Ainsi, on a découvert que ce polyphénol bloque la prolifération de cellules cancéreuses, et que chez la souris, il restaure la sensibilité à l'action de l'insuline. Plus récemment, on a montré qu'en diminuant les dommages du myocarde et de l'aorte, il s’oppose à la mort des cellules musculaires du cœur et des artères. Le resvératrol agit sur des gènes dont le rôle sur la durée de vie a été mis en évidence. « Comme toutes les espèces, la durée de vie maximale des humains est régulée génétiquement par la restriction du nombre de calories consommées, qui active un gène dit SIRT1 [SIR pour silent information regulator proteins]. Le premier gène ayant un effet sur la longévité a été découvert en 1989, sur un ver baptisé Caenorhabditis elegans. Depuis, une dizaine de gènes contrôlant l’espérance de vie de ce ver ont été identifiés. Ils peuvent jusqu’à quadrupler son espérance de vie. Sur la levure, le resvératrol active un « gène de longévité » qui augmente la durée de vie jusqu’à 80%. Des essais effectués sur une culture de cellules humaines montrent que le resvératrol active les gènes SIRT1 et permet à 30% des cellules humaines irradiées par rayons gamma de survivre, contre 10% pour les cellules non traitées », explique le Dr Thillier.

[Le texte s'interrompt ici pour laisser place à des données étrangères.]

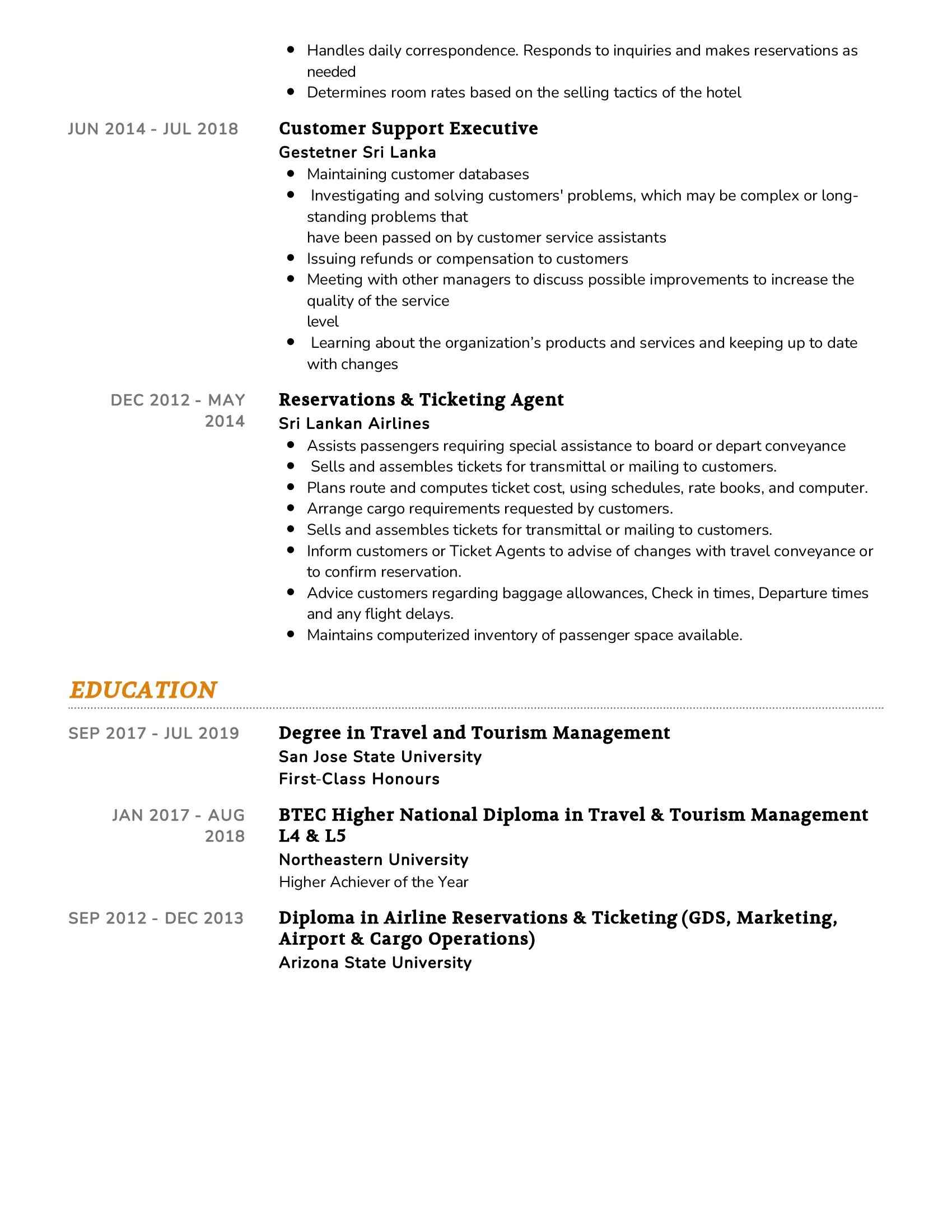 - Bachelor of Science in Travel and Tourism Management, XYZ University, a comprehensive education in the travel industry, 2015.

Ce n’est donc pas sans raison que le Pr Ludovic Drouet, chef du service Hématologie biologique de l’hôpital Lariboisière et président du comité scientifique Vin et Santé de l’Office national interprofessionnel des vins (Onivins), déclare que « le vin comporte un certain nombre de composants qui pourraient avoir des effets bénéfiques sur les problèmes cardiovasculaires et le vieillissement ». Bien entendu, il précise que « la consommation doit rester inférieure à trois verres de vin par jour pour les hommes, en tenant compte des variations individuelles. La toxicité apparaît plus vite chez les femmes. Les populations asiatiques et les patients ayant une pathologie particulière – en particulier hépatique – sont également plus exposés aux effets toxiques ». Pour sa part, la Food and Drug Administration (l’Administration américaine des denrées alimentaires et des médicaments) recommande de boire du vin dans le cadre de sa prévention primaire et secondaire contre les maladies thrombotiques cérébrovasculaires ou cardiovasculaires. Or, comme le remarque Claude Fischler, « les Français, buveurs de vin, sont devenus au quotidien des buveurs d’eau et des mangeurs de yaourts. » Il aurait pu ajouter que la France détient le record de consommation de médicaments en tout genre (notamment d’antidépresseurs), alors qu’elle possède de par son sol la possibilité de produire l’un des meilleurs alicaments naturels : le vin !
Comble de l’absurde, alors que la consommation de vin diminue en France, l’industrie paramédicale met sur le marché des gélules contenant du resvératrol ! Biovéa, « la plus grande pharmacie en ligne », propose ainsi pour 20 euros une boîte de 60 comprimés à base de resvératrol. Pourquoi prendre ces gélules ? La réponse de la firme vaut son pesant d’or : « Il n’y a presque plus de resvératrol dans le vin rouge du fait de l’utilisation généralisée des pesticides, alors qu’il y en avait auparavant 8 à 10mg par litre ». Heureusement, Biovéa a « pu localiser une source de resvératrol de qualité pharmaceutique, extrait directement de raison rouge de culture biologique et retenant l’équilibre naturel de tous ses composés actifs », assure sa publicité.